2022-07-02 00:35:00 【Falling flowers and rain】

List of articles

1. Classification task
- 1.1 Multi category tasks
- 1.2 2. Classified tasks
2. Return to the task
summary

In deep learning , Loss function is a function used to measure the quality of model parameters , The way to measure is to compare the difference between network output and real output , The name of loss function is different in different literatures , There are mainly the following naming methods ：

Insert picture description here

1. Classification task

The cross entropy loss function is most used in the classification task of deep learning , So here we focus on this loss function .

1.1 Multi category tasks

In multi classification tasks, we usually use softmax take logits In the form of probability , Therefore, the cross entropy loss of multi classification is also called softmax Loss , Its calculation method is ：

Insert picture description here

among ,y Is the sample x The true probability of belonging to a category , and f(x) Is the prediction score of the sample belonging to a certain category ,S yes softmax function ,L To measure p,q The difference between the loss results .

Example ：

Insert picture description here

The cross entropy loss in the above figure is ：

Insert picture description here

Understand... From the perspective of probability , Our goal is to minimize the negative value of the logarithm of the prediction probability corresponding to the correct category , As shown in the figure below ：

Insert picture description here

stay tf.keras Use in CategoricalCrossentropy Realization , As shown below ：

#  Import the corresponding package 
import tensorflow as tf
#  Set true and predicted values 
y_true = [[0, 1, 0], [0, 0, 1]]
y_pred = [[0.05, 0.95, 0], [0.1, 0.8, 0.1]]
#  Instantiation cross entropy loss 
cce = tf.keras.losses.CategoricalCrossentropy()
#  Calculate the loss result 
cce(y_true, y_pred).numpy()

The result is ：

1.176939

1.2 2. Classified tasks

When processing task 2 , We're not using softmax Activation function , But use sigmoid Activation function , The loss function is adjusted accordingly , Using the cross entropy loss function of binary classification ：

Insert picture description here

among ,y Is the sample x The true probability of belonging to a category , and y^ Is the prediction probability that the sample belongs to a certain category ,L The loss result used to measure the difference between the real value and the predicted value .

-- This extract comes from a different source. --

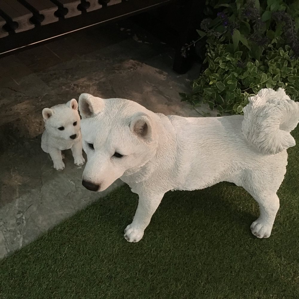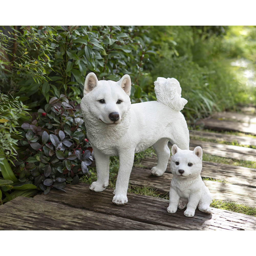 本商品は「白柴犬のオーナメント 子」です。愛着がわく柴犬オーナメント。親子でそろえても。人気の柴犬シリーズに、白柴が新たに仲間入りしました!玄関やお庭、植栽の間にお気に入りのオーナメントを飾って、ガーデンの楽しみを広げましょう。

stay tf.keras When implemented in BinaryCrossentropy(), As shown below ：

#  Import the corresponding package 
import tensorflow as tf
#  Set true and predicted values 
y_true = [[0], [1]]
y_pred = [[0.4], [0.6]]
#  Cross entropy loss of instantiated binary classification 
bce = tf.keras.losses.BinaryCrossentropy()
#  Calculate the loss result 
bce(y_true, y_pred).numpy()

The result is ：

0.5108254

2. Return to the task

The loss functions commonly used in regression tasks are as follows ：

2.1 MAE Loss

Mean absolute loss(MAE) Also known as L1 Loss, It takes the absolute error as the distance ：

Insert picture description here

The curve is shown in the figure below ：

Insert picture description here

Characteristic is ： because L1 loss Have sparsity , To punish larger values , Therefore, it is often added as a regular item to other loss As a constraint .L1 loss The biggest problem is that the gradient is not smooth at zero , Causes the minimum to be skipped .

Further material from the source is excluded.